Why did everything feel so heavy?
Was I depressed?
Was I having a mid-life crisis?
I really didn't know what to make of it.
All I knew for certain was that my life was lacking meaning and purpose.
It was missing a "theme" of what I should be doing at this stage of my life.
And nobody was going to be able to give me the answers.
I'm normally very good of getting myself out of a negative headspace. I am a mindset coach and all that. But this time something felt different.
It was like I was being challenged to stop distracting myself and to go deeper.
What I Actually Found
So I did exactly that.
I put the brakes on everything. I cancelled all of my work projects, completely cleared my schedule and signed up for a 10-day Vipassana silent retreat in Bali.
Within a few hours of being there, my expectations were shattered. I thought I would have lots of time to reflect and think through my big life choices. Yet that's not what Vipassana is about. Instead, you have to sit and meditate for hours every day, in excruciating pain from sitting cross legged, and observe sensations in your body. It was hardest 10 days of my life.
I kept waiting for the big insight to arrive.
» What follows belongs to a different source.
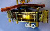 Über eine sehr sinnvolle Mechanik werden die Vögel durch kleine Exzenterscheiben bewegt. Es öffnet sich der Schnabel synchron während der Pfeifton entsteht und der Vogel dreht sich um seine Achse und schlägt aufgeregt mit seinem Gefieder.

For that voice in my head to clearing say, "Adam this is what you should be doing with your life…".
Yet it never came. At least not like that. I also held onto the hope that I might discover a connection to something beyond myself, a higher force, whatever you want to call it. Again I was left disappointed.
What did keep coming up was something much simpler.
Relationships.
Firstly, my relationship to myself. To feel connection to my body and experiencing life fully through it, instead of always being lost in my mind. I realised I'm my happiest, I feel most alive, when I'm in my body and not in my mind. That might sound a bit strange, but for me I have a tendency to spend too much time engaging with my mind at the cost of experiencing the moment that I'm in. As a result, I miss the moment. Or at least the richness of it.
Secondly, my place in the world seemed to be strongly influenced by the relationships I have with those closest to me. I reflected a lot on how people saw me, how I had been showing up in life and to be honest, feeling a bit of shame around it. I felt like I hadn't been the best friend, best partner or best version of myself to those I value most. I was too busy chasing shinny objects and trying to have a bigger impact with my life, whilst neglecting the relationships which are infinitely more important.
I also realised that the times in my life when I was the most happy, was when I felt strong social connections.
Not when I was most successful or when I had achieved a big goal. But when I felt seen and connected by those closest to me.
What Really Matters (For Me, At Least)
So where does this leave me now?
And where does this leave you as the reader, who is maybe on your own search for meaning right now?
I wish I could wrap this up neatly and give you a clear set of action steps.
I can’t. I’m not there yet.
What I have discovered is this.
Meaning seems to come from connection and contribution.
Connection, for me, is my relationship with myself and with those closest to me.
Contribution is making a difference for others, offering something beyond myself.
When I feel like I’m lacking meaning, one or both of these is usually missing.
I feel a bit of that right now, if I’m honest. Which is probably why I’m writing this.
Rather than trying to figure everything out or find my purpose, I’m finding it more grounding to ask simpler questions.
Where can I deepen connection?
Where can I contribute more?
That feels like enough for now.
If you’re lacking meaning in your life, that might be a good place to start too.